▶ _Required action_
Would you repeat the whole listing exactly, pictures excluded?

Start of Records for this task

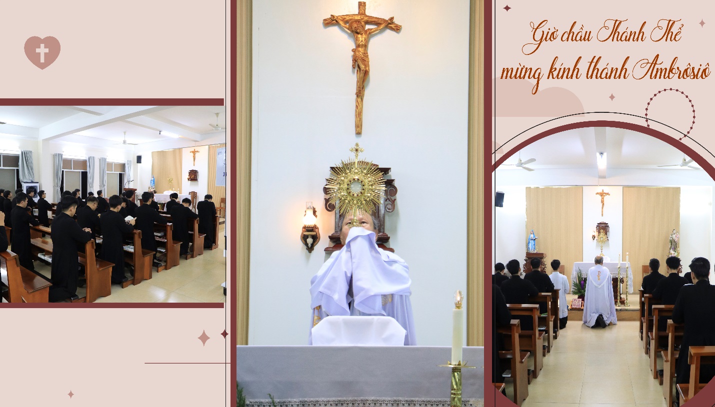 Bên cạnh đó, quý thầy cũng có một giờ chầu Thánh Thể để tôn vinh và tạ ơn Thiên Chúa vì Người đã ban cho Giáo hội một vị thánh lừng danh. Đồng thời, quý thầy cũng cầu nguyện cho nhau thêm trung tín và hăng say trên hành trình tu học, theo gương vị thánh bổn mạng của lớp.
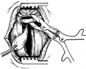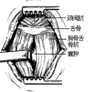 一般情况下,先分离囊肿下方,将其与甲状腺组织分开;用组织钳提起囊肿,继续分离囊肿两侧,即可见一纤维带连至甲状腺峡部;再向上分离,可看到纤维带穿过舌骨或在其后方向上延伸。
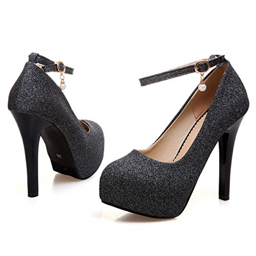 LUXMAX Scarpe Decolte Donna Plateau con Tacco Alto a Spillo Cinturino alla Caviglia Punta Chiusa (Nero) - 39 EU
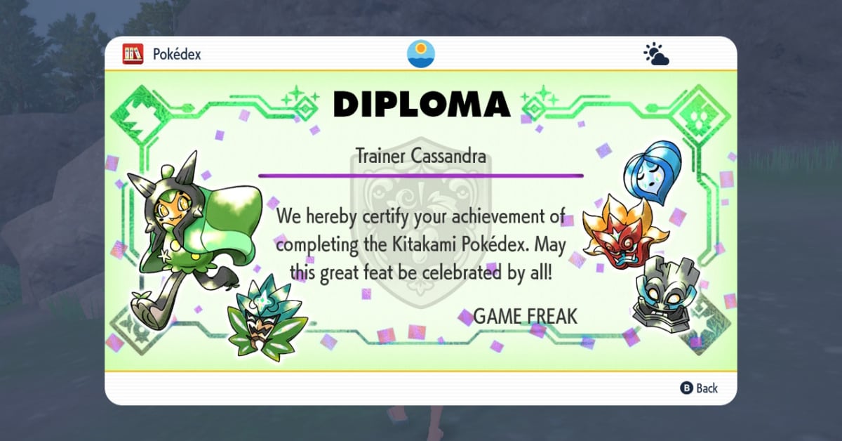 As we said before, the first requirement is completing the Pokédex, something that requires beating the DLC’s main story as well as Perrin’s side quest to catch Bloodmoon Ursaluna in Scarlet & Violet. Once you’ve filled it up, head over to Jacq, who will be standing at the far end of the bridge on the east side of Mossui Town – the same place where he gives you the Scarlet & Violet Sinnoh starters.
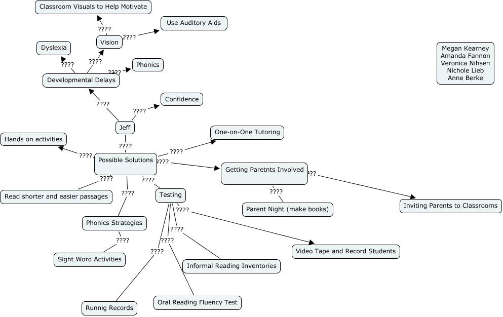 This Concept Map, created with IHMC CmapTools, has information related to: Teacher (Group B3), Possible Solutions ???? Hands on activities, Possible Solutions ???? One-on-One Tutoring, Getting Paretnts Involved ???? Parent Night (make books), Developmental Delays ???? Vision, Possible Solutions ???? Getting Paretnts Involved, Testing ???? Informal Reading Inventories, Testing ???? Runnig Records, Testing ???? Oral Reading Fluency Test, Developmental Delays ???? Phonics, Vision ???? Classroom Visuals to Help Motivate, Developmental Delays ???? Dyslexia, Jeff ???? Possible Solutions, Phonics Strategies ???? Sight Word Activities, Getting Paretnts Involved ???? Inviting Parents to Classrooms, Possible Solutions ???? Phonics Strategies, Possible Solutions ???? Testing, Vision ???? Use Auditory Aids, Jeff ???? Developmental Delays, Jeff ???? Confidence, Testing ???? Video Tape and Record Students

End of Records for this task

▶ _Exercise answer_
 Bên cạnh đó, quý thầy cũng có một giờ chầu Thánh Thể để tôn vinh và tạ ơn Thiên Chúa vì Người đã ban cho Giáo hội một vị thánh lừng danh. Đồng thời, quý thầy cũng cầu nguyện cho nhau thêm trung tín và hăng say trên hành trình tu học, theo gương vị thánh bổn mạng của lớp.
 一般情况下,先分离囊肿下方,将其与甲状腺组织分开;用组织钳提起囊肿,继续分离囊肿两侧,即可见一纤维带连至甲状腺峡部;再向上分离,可看到纤维带穿过舌骨或在其后方向上延伸。
 LUXMAX Scarpe Decolte Donna Plateau con Tacco Alto a Spillo Cinturino alla Caviglia Punta Chiusa (Nero) - 39 EU
 As we said before, the first requirement is completing the Pokédex, something that requires beating the DLC’s main story as well as Perrin’s side quest to catch Bloodmoon Ursaluna in Scarlet & Violet. Once you’ve filled it up, head over to Jacq, who will be standing at the far end of the bridge on the east side of Mossui Town – the same place where he gives you the Scarlet & Violet Sinnoh starters.
 This Concept Map, created with IHMC CmapTools, has information related to: Teacher (Group B3), Possible Solutions ???? Hands on activities, Possible Solutions ???? One-on-One Tutoring, Getting Paretnts Involved ???? Parent Night (make books), Developmental Delays ???? Vision, Possible Solutions ???? Getting Paretnts Involved, Testing ???? Informal Reading Inventories, Testing ???? Runnig Records, Testing ???? Oral Reading Fluency Test, Developmental Delays ???? Phonics, Vision ???? Classroom Visuals to Help Motivate, Developmental Delays ???? Dyslexia, Jeff ???? Possible Solutions, Phonics Strategies ???? Sight Word Activities, Getting Paretnts Involved ???? Inviting Parents to Classrooms, Possible Solutions ???? Phonics Strategies, Possible Solutions ???? Testing, Vision ???? Use Auditory Aids, Jeff ???? Developmental Delays, Jeff ???? Confidence, Testing ???? Video Tape and Record Students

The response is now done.